=== EXERCISE DETAILS ===
Look through the data below for the line with "First, the radiomics" and the line with "Cooking marinade fill.", then output those two and all lines in between, exactly as written.

=== DATA EXTRACTS ===
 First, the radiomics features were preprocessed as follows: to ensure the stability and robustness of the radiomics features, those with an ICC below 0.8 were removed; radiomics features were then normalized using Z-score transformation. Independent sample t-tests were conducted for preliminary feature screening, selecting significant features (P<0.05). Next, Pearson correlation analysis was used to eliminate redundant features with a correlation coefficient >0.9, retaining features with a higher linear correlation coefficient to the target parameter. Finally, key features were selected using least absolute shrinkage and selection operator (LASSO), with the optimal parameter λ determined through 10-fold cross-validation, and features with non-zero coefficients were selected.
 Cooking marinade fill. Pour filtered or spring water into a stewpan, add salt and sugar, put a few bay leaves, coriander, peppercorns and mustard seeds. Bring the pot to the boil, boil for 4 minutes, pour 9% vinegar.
==
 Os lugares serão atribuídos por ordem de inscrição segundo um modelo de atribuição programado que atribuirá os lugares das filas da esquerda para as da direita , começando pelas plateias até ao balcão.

=== SOLUTION BELOW ===
 First, the radiomics features were preprocessed as follows: to ensure the stability and robustness of the radiomics features, those with an ICC below 0.8 were removed; radiomics features were then normalized using Z-score transformation. Independent sample t-tests were conducted for preliminary feature screening, selecting significant features (P<0.05). Next, Pearson correlation analysis was used to eliminate redundant features with a correlation coefficient >0.9, retaining features with a higher linear correlation coefficient to the target parameter. Finally, key features were selected using least absolute shrinkage and selection operator (LASSO), with the optimal parameter λ determined through 10-fold cross-validation, and features with non-zero coefficients were selected.
 Cooking marinade fill. Pour filtered or spring water into a stewpan, add salt and sugar, put a few bay leaves, coriander, peppercorns and mustard seeds. Bring the pot to the boil, boil for 4 minutes, pour 9% vinegar.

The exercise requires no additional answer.